# For Bobby



## Flat Fish (Jun 18, 2005)

You asked for it so here are some pictures. Stoppers are Maple Burl, Camphor and Mesquite Burl from Viking. Pens are BOW, Antler, acrylic and one heck of a sweet looking piece of Osage Orange. The key chain is Cocobolo. Did another key chain in Osage, but gave it to my nephew already. Also had to throw in one of the littlest helper. Did I mention that this is a sweet lookin piece of Osage. It is a bad pic, but that pen is super sweet.


----------



## Bobby (May 21, 2004)

VERY nice
Ilike the deer antler with the bark on it


----------



## EndTuition (May 24, 2004)

I love that hedge !
It will just get better and better over time, like Cherry.


----------



## 3192 (Dec 30, 2004)

Those stoppers are really sharp. I like that one on the right in the top picture...good stuff there! We need a tutorial on how you are making the stoppers 8*)!
Thanks for the pics..gb


----------



## Viking48 (Jan 24, 2006)

Nice work and a mighty fine helper you have there. All lookin' good.


----------



## Tortuga (May 21, 2004)

Really nice work, FF...Personally, I'm having HELL with the antlers. Got an order for a biggie all antler and my horns just don't quite get big enough..LOL

I'll figger out sumthin , though...


----------



## Bobby (May 21, 2004)

Jim see if anyone has some Axis deer antler.

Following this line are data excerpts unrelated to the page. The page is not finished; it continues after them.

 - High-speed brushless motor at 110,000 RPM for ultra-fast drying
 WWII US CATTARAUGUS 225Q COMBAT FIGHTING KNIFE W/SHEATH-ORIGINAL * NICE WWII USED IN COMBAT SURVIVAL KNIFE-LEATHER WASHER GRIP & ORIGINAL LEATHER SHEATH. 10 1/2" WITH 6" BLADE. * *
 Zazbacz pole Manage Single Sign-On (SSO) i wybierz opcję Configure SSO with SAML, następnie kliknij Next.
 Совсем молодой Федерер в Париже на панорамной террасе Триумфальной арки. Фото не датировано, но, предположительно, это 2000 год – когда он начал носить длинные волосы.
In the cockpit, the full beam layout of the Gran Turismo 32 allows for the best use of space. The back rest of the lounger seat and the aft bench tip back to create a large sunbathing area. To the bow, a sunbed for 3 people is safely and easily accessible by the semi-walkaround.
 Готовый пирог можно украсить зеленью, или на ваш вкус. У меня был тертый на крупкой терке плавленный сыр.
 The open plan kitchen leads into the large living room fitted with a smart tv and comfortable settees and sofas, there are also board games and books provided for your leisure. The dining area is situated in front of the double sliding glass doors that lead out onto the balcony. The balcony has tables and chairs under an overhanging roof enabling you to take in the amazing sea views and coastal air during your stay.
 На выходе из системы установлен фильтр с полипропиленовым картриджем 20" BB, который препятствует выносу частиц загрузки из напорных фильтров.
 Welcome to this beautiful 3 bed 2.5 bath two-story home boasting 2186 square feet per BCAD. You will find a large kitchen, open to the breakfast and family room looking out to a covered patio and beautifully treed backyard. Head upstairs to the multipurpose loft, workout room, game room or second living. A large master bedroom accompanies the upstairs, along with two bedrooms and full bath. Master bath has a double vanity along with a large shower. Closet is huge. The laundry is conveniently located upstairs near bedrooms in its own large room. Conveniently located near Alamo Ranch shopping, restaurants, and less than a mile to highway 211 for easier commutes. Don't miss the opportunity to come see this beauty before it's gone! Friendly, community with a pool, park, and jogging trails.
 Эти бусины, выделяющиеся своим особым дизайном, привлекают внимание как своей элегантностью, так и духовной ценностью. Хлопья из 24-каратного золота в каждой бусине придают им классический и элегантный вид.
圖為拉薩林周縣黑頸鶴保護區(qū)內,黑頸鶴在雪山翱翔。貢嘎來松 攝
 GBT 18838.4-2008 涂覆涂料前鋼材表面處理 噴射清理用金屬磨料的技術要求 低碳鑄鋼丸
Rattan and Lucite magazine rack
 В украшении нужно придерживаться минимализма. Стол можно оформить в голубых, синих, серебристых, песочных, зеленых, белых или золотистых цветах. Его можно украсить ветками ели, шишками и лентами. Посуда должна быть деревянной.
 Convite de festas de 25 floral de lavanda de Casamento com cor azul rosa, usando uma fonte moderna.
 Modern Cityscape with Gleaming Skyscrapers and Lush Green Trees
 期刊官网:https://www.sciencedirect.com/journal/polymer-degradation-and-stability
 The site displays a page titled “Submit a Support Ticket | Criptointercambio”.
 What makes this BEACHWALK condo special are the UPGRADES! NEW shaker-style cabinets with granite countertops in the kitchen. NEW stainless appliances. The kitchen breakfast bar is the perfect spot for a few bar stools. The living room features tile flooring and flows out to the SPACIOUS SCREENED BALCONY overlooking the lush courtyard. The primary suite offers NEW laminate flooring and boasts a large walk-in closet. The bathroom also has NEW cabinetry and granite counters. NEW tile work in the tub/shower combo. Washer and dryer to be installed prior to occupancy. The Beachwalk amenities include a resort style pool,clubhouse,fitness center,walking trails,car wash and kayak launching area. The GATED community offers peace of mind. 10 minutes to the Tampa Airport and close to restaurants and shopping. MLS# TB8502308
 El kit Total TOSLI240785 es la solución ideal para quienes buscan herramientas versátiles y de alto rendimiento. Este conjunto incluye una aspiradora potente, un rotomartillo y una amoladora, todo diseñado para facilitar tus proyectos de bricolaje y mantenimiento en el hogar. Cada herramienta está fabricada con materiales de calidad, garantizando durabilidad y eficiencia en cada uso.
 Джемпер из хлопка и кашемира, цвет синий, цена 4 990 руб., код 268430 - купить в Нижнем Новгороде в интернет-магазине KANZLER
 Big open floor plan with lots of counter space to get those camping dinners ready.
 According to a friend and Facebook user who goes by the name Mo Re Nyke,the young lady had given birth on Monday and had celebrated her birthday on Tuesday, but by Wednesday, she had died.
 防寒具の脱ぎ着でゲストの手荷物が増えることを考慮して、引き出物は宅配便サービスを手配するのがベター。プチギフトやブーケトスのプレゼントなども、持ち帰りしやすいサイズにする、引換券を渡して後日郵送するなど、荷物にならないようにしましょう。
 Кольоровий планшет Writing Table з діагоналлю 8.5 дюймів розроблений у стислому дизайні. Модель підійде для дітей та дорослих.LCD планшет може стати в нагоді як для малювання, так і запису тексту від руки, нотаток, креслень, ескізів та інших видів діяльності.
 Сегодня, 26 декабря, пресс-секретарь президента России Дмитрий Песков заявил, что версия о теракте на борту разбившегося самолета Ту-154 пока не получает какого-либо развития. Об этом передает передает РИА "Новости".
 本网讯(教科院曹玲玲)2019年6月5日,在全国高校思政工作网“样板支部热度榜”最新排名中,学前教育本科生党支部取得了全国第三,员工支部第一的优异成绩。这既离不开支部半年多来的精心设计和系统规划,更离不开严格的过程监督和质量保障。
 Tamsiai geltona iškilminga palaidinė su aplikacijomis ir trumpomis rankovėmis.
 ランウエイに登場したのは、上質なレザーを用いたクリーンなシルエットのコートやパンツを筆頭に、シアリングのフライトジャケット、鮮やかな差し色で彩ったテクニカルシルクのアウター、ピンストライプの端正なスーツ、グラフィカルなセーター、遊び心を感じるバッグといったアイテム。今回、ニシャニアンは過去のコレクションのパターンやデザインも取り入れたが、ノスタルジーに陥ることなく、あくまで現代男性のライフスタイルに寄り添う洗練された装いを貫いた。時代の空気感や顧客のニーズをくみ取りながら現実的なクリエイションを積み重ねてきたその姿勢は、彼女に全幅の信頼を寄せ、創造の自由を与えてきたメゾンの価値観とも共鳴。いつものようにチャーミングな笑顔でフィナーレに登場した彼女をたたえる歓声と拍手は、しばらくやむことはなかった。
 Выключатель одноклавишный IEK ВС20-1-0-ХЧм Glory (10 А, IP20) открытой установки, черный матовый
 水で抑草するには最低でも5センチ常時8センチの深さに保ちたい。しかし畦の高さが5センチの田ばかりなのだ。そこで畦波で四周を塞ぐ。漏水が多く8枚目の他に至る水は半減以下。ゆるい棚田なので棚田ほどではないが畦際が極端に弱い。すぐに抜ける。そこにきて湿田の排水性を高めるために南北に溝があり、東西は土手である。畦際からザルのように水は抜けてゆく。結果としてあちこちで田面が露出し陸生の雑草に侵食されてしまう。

It has longer straight pieces and is a little bigger around. Plus it is almost pure white when finished right.


----------



## Flat Fish (Jun 18, 2005)

I've been told you can straighten antler by boiling and then holding in a vice until cool/dry.

You can also soak it in hydorgen peroxide a few days to whiten it. I have done this to a test piece but never a piece I turned into a pen.

The part I hate with antler is the drilling. The rest is ok.


----------



## Tortuga (May 21, 2004)

Flat Fish said:


> I've been told you can straighten antler by boiling and then holding in a vice until cool/dry.
> 
> You can also soak it in hydorgen peroxide a few days to whiten it. I have done this to a test piece but never a piece I turned into a pen.
> 
> *The part I hate with antler is the drilling*. The rest is ok.


Ten-four on THAT, FF..Busted a lot of knuckles trying to drill that stuff..

Re: 'boiling'.. I tried that a few months back..boiled it for at least a half hour and it was just as hard as a rock..:smile:..Slung it back into the pot for another hour and....NADA...

Gonna give that peroxide a try.. Tried cleaning up the finished blanks with a good rub down with acetone..but no sale...

Guess I'm gonna have to hustle some of these 'hunter-types' and see if I can't beg a few more axis..That really did make some nice pens...


----------



## bill (May 21, 2004)

part I hate is the smell...yuck!!


----------



## Slip (Jul 25, 2006)

galvbay said:


> Those stoppers are really sharp. I like that one on the right in the top picture...good stuff there! We need a tutorial on how you are making the stoppers 8*)!
> Thanks for the pics..gb


I agree, I really like the same bottle stopper. Very nice and good shape to it. Nice job.


----------